* Exercise goal: Could you repeat the listing below exactly while leaving its pictures behind?

* Available data:
════════════════════
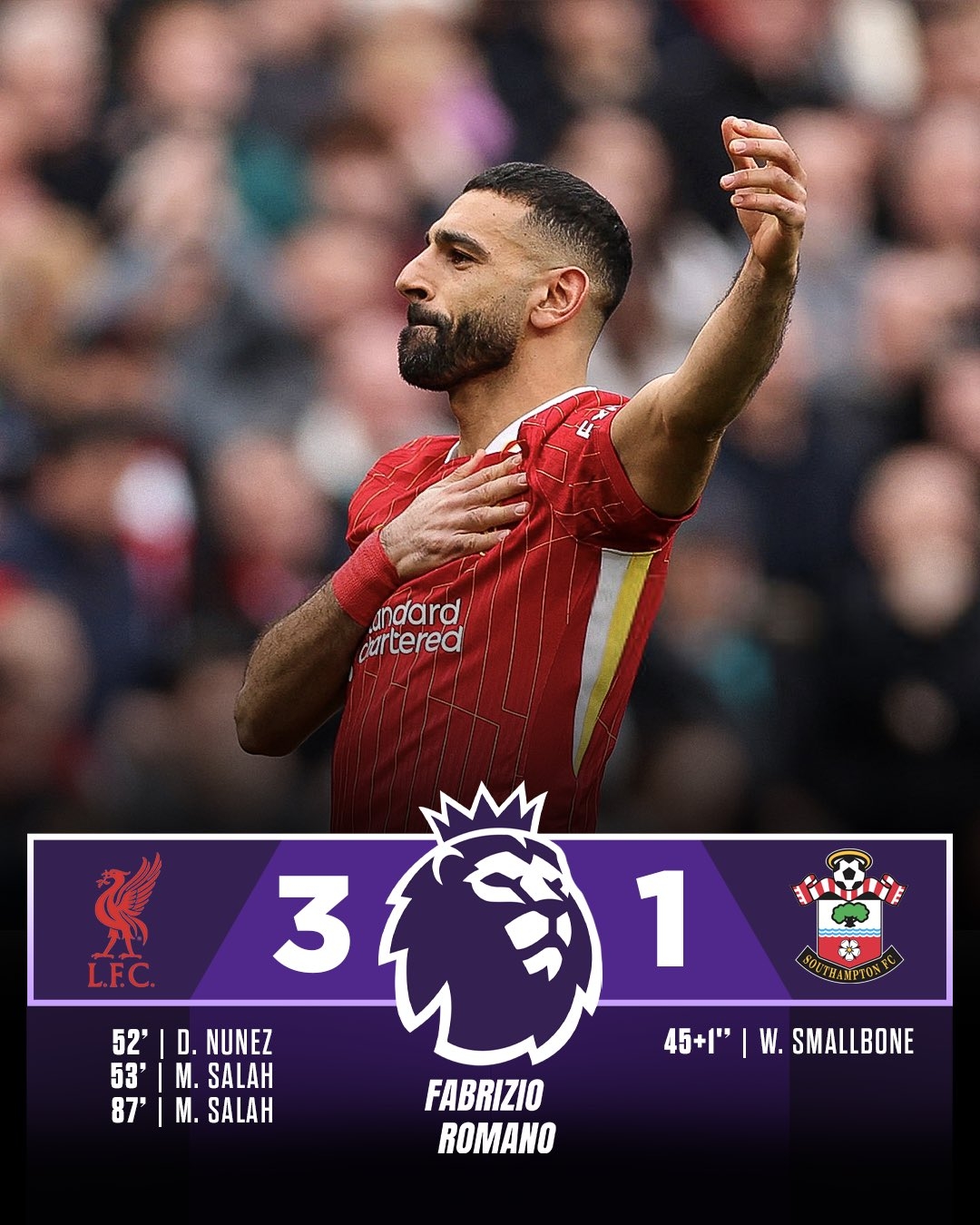 薩拉赫聯(lián)賽對陣南安普頓打進10球,追平伊恩-拉什保持的進球紀錄
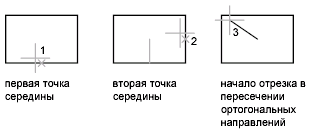 Например, отслеживание можно использовать для определения центра прямоугольника без построения вспомогательных линий. Для этого необходимо включить отслеживание и указать середину горизонтального отрезка. Затем вертикально переместите курсор до середины вертикального отрезка (2). Нажмите клавишу ВВОД, чтобы принять точку (3) в центре прямоугольника.
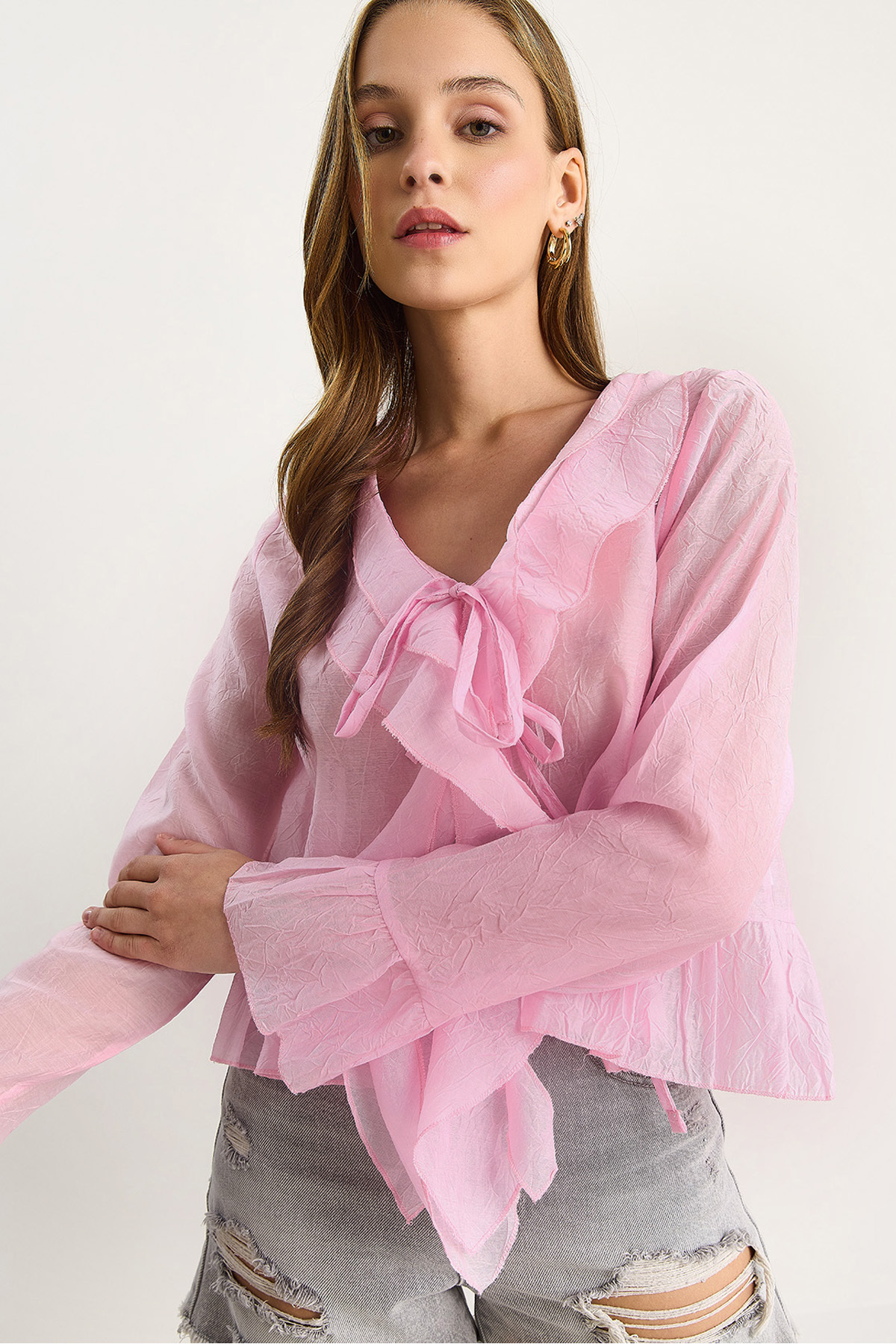 4727 Kadın Yakası Fırfırlı Kraşlı Bluz Pembe 4727 Kadın Yakası Fırfırlı Kraşlı Bluz Pembe Y25BLZ4727 L
════════════════════
* Task answer:
 薩拉赫聯(lián)賽對陣南安普頓打進10球,追平伊恩-拉什保持的進球紀錄
 Например, отслеживание можно использовать для определения центра прямоугольника без построения вспомогательных линий. Для этого необходимо включить отслеживание и указать середину горизонтального отрезка. Затем вертикально переместите курсор до середины вертикального отрезка (2). Нажмите клавишу ВВОД, чтобы принять точку (3) в центре прямоугольника.
 4727 Kadın Yakası Fırfırlı Kraşlı Bluz Pembe 4727 Kadın Yakası Fırfırlı Kraşlı Bluz Pembe Y25BLZ4727 L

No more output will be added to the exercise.